Steven and Susie Sullivan founded The Acme Bread Company in 1983 to bake bread for restaurants and stores that wanted to offer better bread than was generally available on the wholesale market at the time. They saw a lack of good bread on a larger scale. “Good bakeries were small ones that were not able to serve restaurants “ says Steven, “that’s why everything started.”
Steven started working at Chez Panisse in Berkeley, along with Alice Waters (@AliceWaters). There wasn’t a big food movement going on at the time and “Silicon Valley” was still just known as the “Bay Area.” He was 18 the first time he went into Chez Panisse. He started working in the kitchen while attending UC Berkeley. After sometime working, Alice pushed him to go to France and there he started getting into bread: he was really fascinated by baking and needed to know more. After two years he came back and started baking occasionally for a co-op in order to learn more. Soon he was giving bread to restaurants to try it out. He was a maker: he did it just because he enjoyed doing it. Plus, he saw a need for what he was doing. Eventually he made a job out of it.
Since the beginning all Acme’s whole-grain flours have been organic, and since the nineties, they have incorporated as many organic and locally sourced ingredients as possible. Most significantly, in 1999 they made the switch to 100% organic flour. They use organic California olive oil, organic raisins, pumpkin seeds, and flax seeds, as well as organic California sweet cream butter. Today the company is run by a group of six managing share-holders including Rick Kirkby, Doug Volkmer, Drew Westcott, and Claudio Rezende, along with Steven and Suzie. They have 200 employees. Acme is principally a wholesale bakery but has two retail shops. One is Acme’s original location at the corner of Cedar and San Pablo in Berkeley and the other is in San Francisco’s Ferry Building Marketplace on the Embarcadero. It supplies bread to dozens of restaurants around the Bay Area as well.

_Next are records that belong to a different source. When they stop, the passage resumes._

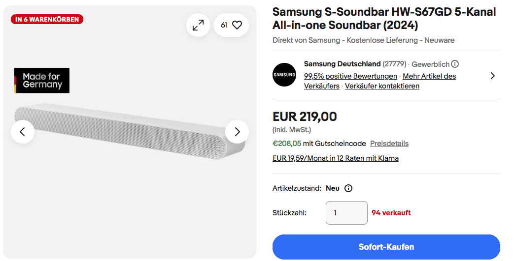 Dank dem Gutscheincode: SAMSUNGXMAS25 (5% Rabatt auf ausgewählte Samsung Artikel) bekommt man aktuell bei eBay die Samsung S-Soundbar HW-S67GD 5-Kanal All-in-one Soundbar in Weiß NEU&OVP für 208,05€ inkl. Versand an, solange der Vorrat reicht.
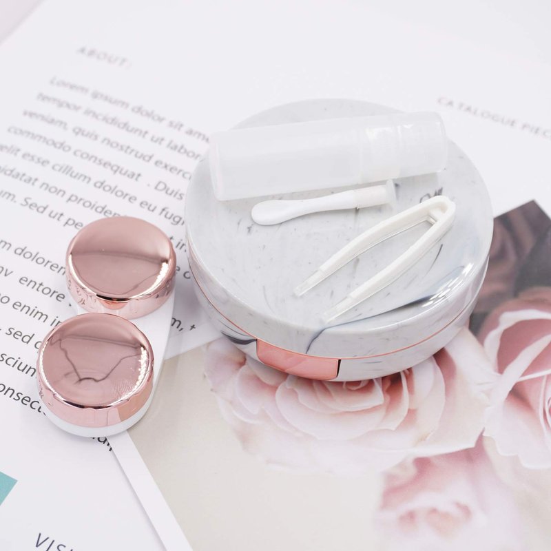 Honbay Fashion Marble Contact Lens Case Portable Contact Lens Box Kit with Mirror (Round) (Rose Gold)
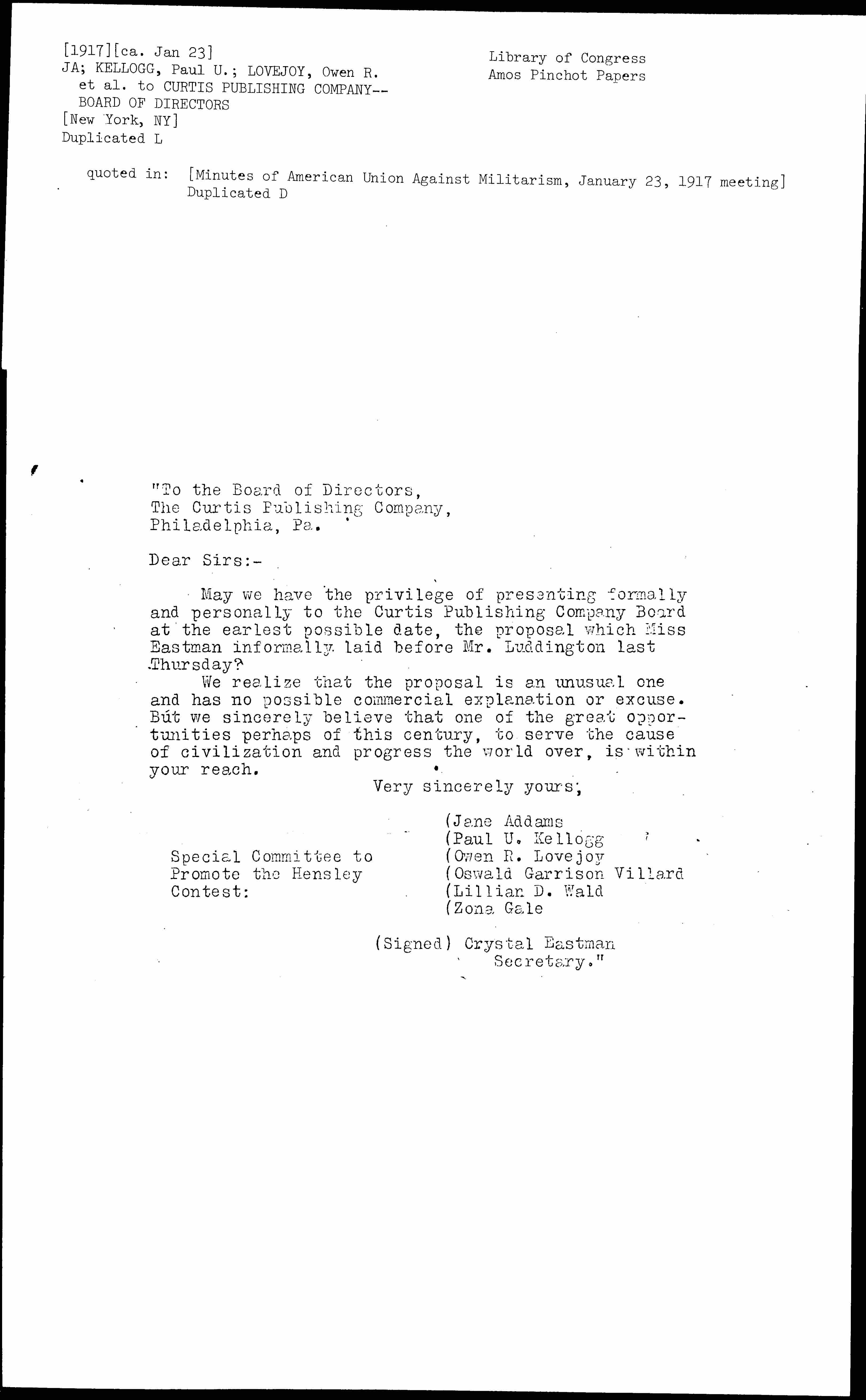 May we have the privilege of presenting formally and personally to the Curtis Publishing Company Board at the earliest possible date, the proposal which Miss Eastman informally laid before Mr. [Ludington] last Thursday?
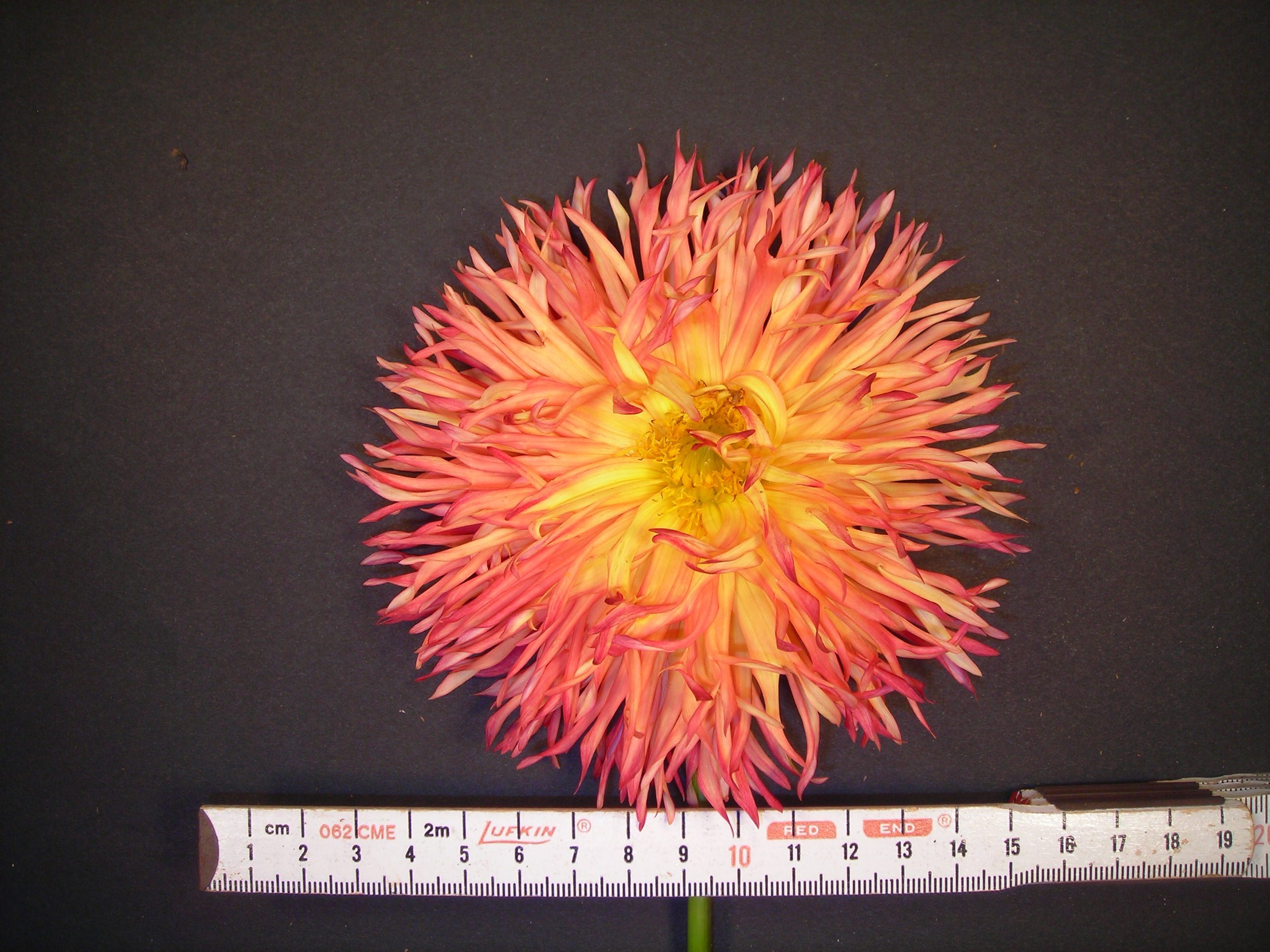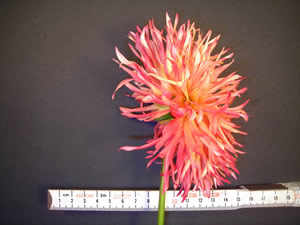 This cultivar is laciniated cactus type, flame blend in color, and of size A. It was grown, named and registered in 2004 by D. Walker, Borehamwood, Hertfordshire, England. It is derived from seed sent from Mr. C.O. Higgo in South Africa, and is of unknown parentage.
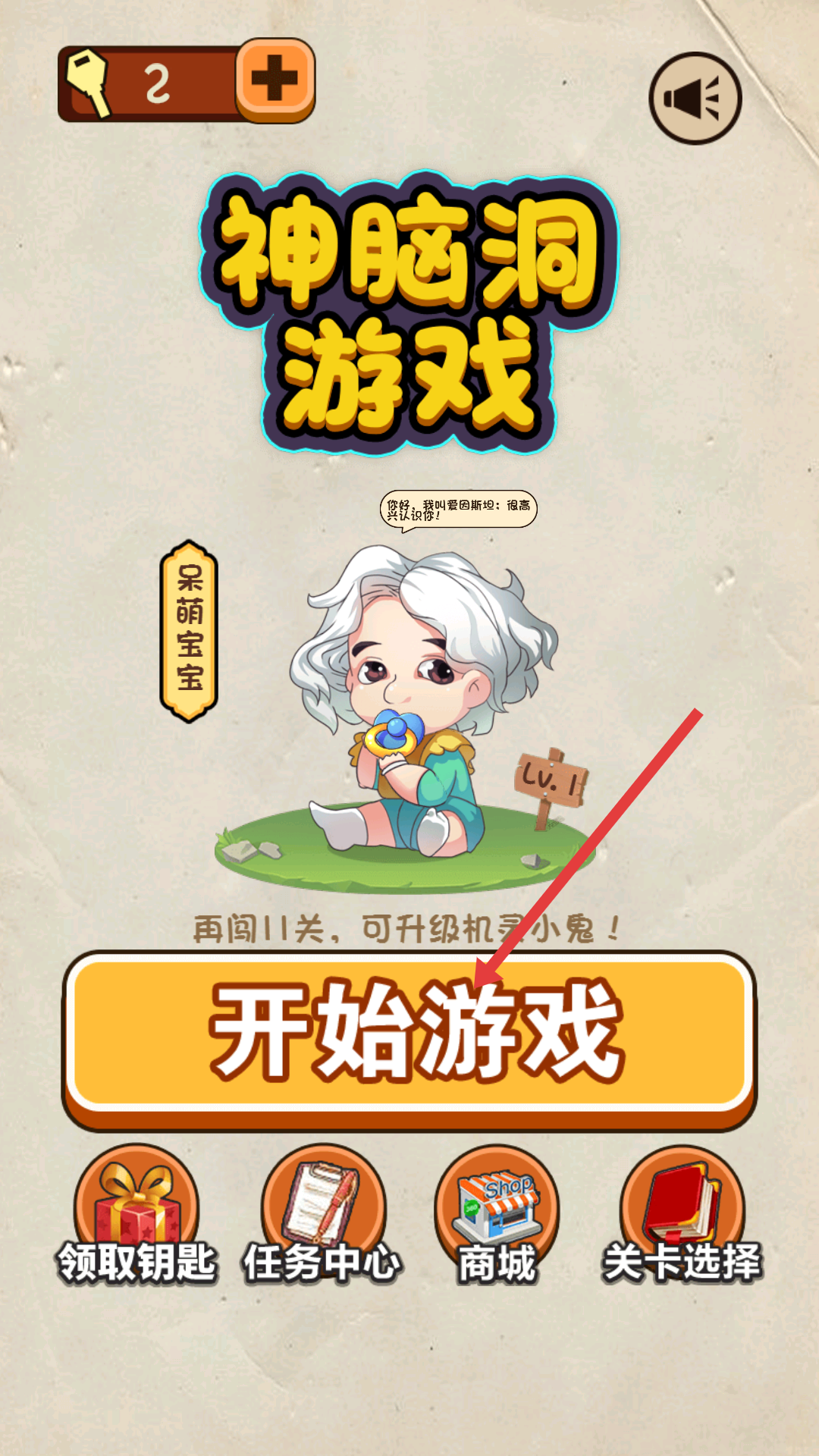 1、當(dāng)前角色為呆萌寶寶,點(diǎn)擊【開始游戲】按鈕開啟關(guān)卡挑戰(zhàn),進(jìn)入《神腦洞游戲》。
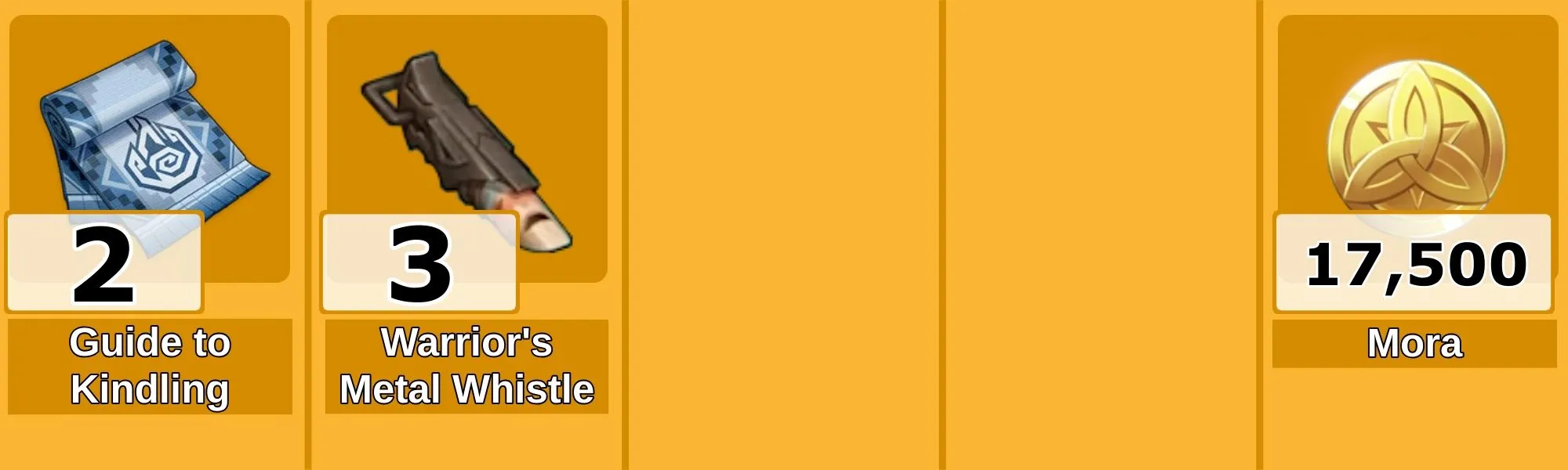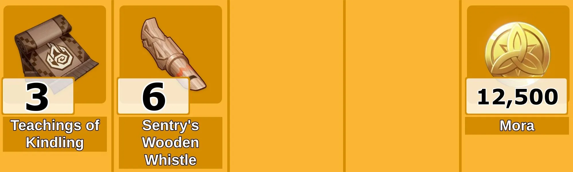 | 1-2 | 3x Учения о «Сжигании» | 6x Деревянный свисток дозорного | - | - | 12,500 |
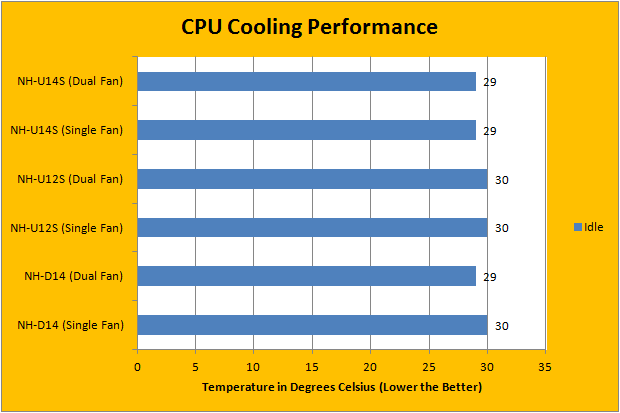 Being the little guy of the group, it is unsurprising the Intel Core i5-2405S CPU equipped with the Noctua NH-U12S resulted in the highest load temperature. This does not mean it performed horribly though. As you can see in our graph above, the NH-U12S stayed within three degrees Celsius consistently compared to its bigger brother, which is very impressive. Keep in mind the NH-U14S has a bigger fan in conjunction with nearly 40% more cooling surface area. Compared to the Noctua NH-D14, the big daddy of all air coolers, it obvious did not keep up -- nor did we expect it to. At the end of the day, the NH-U12S' slim single radiator proves to be a very efficient design, despite its relatively compact size.
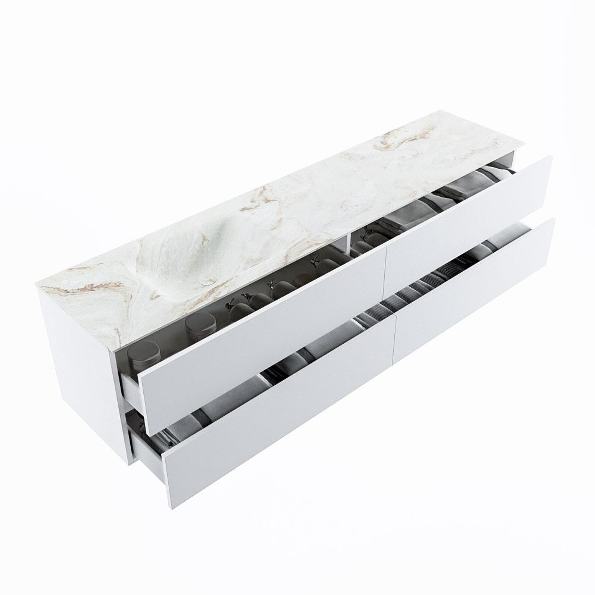 MONDIAZ VICA-DLUX Badkamermeubelset - 200cm - onderkast talc - 4 lades - inbouw wastafel cloud links - zonder kraangaten - 60cm hoge versie - frape
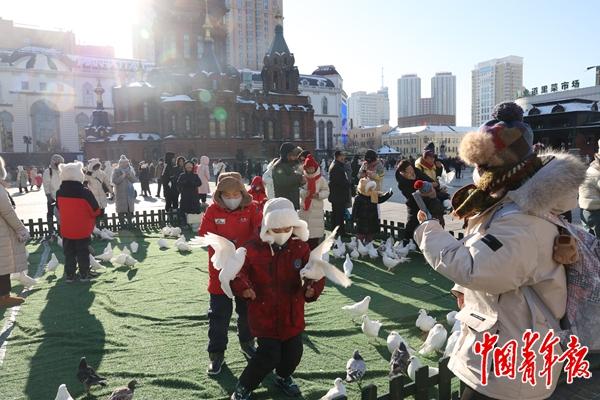 1月15日,哈尔滨圣·索菲亚大教堂前的广场上,游客们和鸽子嬉戏。中青报·中青网记者 王鑫昕/摄
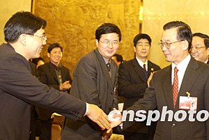 中共中央政治局常委、国务院副总理温家宝六日下午参加了十届全国人大湖北代表团对政府工作报告的分组审议,与代表们握手致意。作者:廖文静
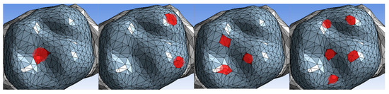 Twenty identical FEM models were generated and meshed in Ansys Workbench (version 18.0, Ansys Inc., Canonsburg, PA, USA) using tetrahedral elements to ensure high resolution. Each model consisted of 100,332 elements and 200,640 nodes. FEM preprocessing also included material property assignment, loading conditions, and boundary constraints [41] (Figure 2).
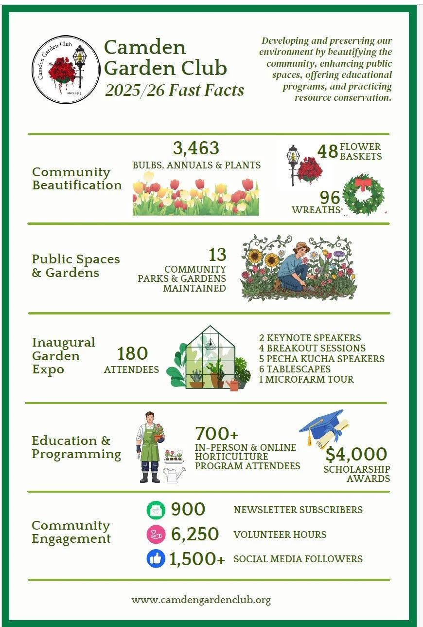 The Camden Garden Club is a the oldest garden club in Maine. The Club was founded in 1915 by a group of like-minded women with the mission to develop and preserve the beauty in and around Camden, Maine. The Club was federated in 1931. Over a century later, our efforts have expanded to include promoting civic improvements, education and the conservation of our natural resources. The Camden Garden Club is a founding member of the Garden Club Federation of Maine and a longtime member of National Garden Clubs, Inc.. Learn more about our history. On November 29, 2022, Camden Garden Club became a registered independent 501(c)3 nonprofit. Its tax identification number is 01-0383583. Prior, it was fiscally sponsored by the Garden Club Federation of Maine, also a registered 501(c)3 nonprofit. Independent nonprofit status allows the Camden Garden Club to better fulfill its mission.
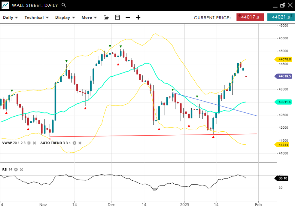 Wall Street continues its bullish impulsive trend, trading at 44,019, exceeding its VWAP (20) of 43,011. Support is located at 41,344, while resistance is seen at 44,678. The RSI at 60 reflects balanced momentum, supporting further potential gains.
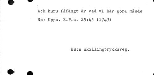 //// Ack huru fåfängt är vad vi här göra månde //// Se: Upps. Z.P.s. 25:45 (1749) //// KB:s skillingtrycksreg. //// - ////
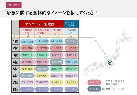 治験関与の有無によるイメージの違い:オンコロジー治療を行う医師のうち、治験責任医師・治験分担医師の経験あり(220人)や、所属の診療科での参加や紹介などで間接的に治験経験あり(201人)の層では、「効果への期待」「社会的意義」「治療選択肢の1つ」といった前向きなイメージが上位を占めました 。一方、治験経験なしの層では、「説明や同意取得業務の負担」や「時間・リソース不足」といったイメージが上位に挙がり、治験が治療の選択肢の1つというイメージも低い傾向にあることが分かりました。
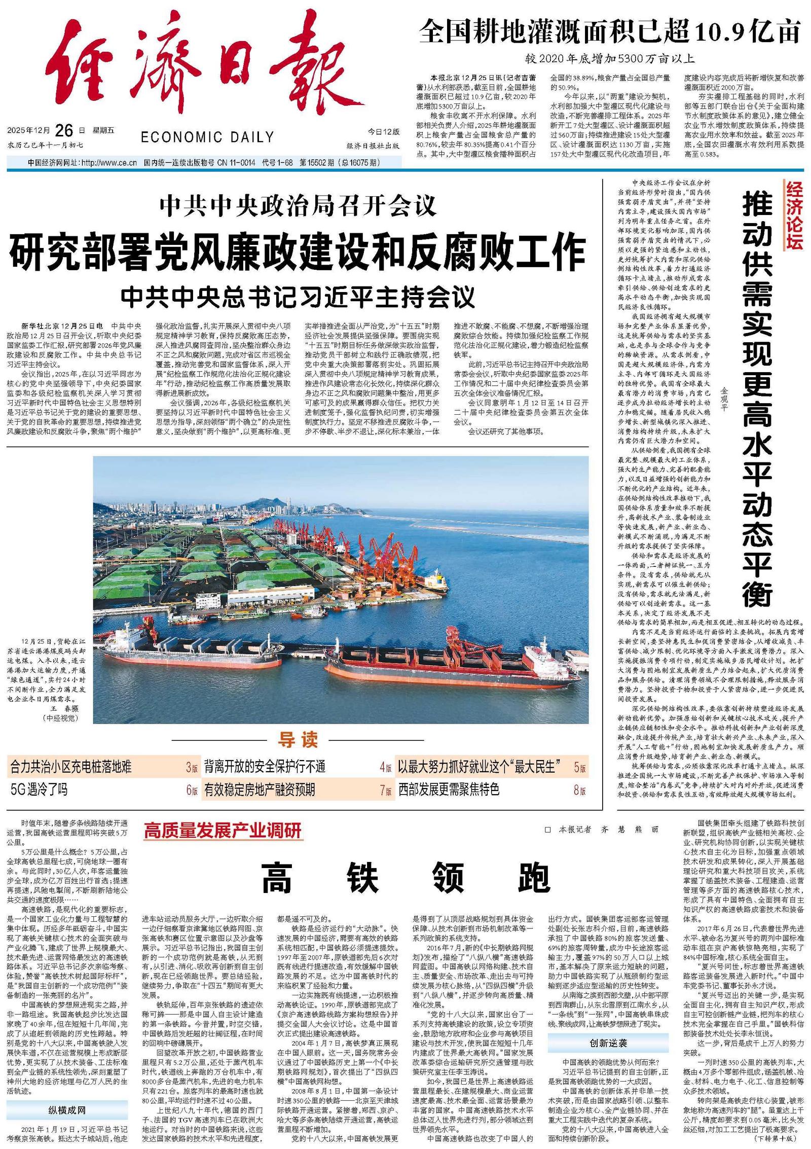 新华社北京12月25日电 中共中央政治局12月25日召开会议,听取中央纪委国家监委工作汇报,研究部署2026年党风廉政建设和反腐败工作。中共中央总书记习近平主持会议。

Steven talks about himself as a “participant” in the California baking movement, even if he has been the protagonist. He started making organic bread and democratising it when there was a huge need, catalysing a new trend with remarkable impacts. Furthermore, Steven and his team never stopped impacting society: in 2008 they covered their largest wholesale bakery in Berkeley with photovoltaic panels, they fuel all of their diesel trucks (and diesel generators) with “renewable diesel,” they donate all leftover bread to charitable organizations, schools, and non-profits, and they encourage their customers to minimize paper waste by offering a five-cent-per-loaf discount when they forgo all packaging on bread they purchase in Acme shops.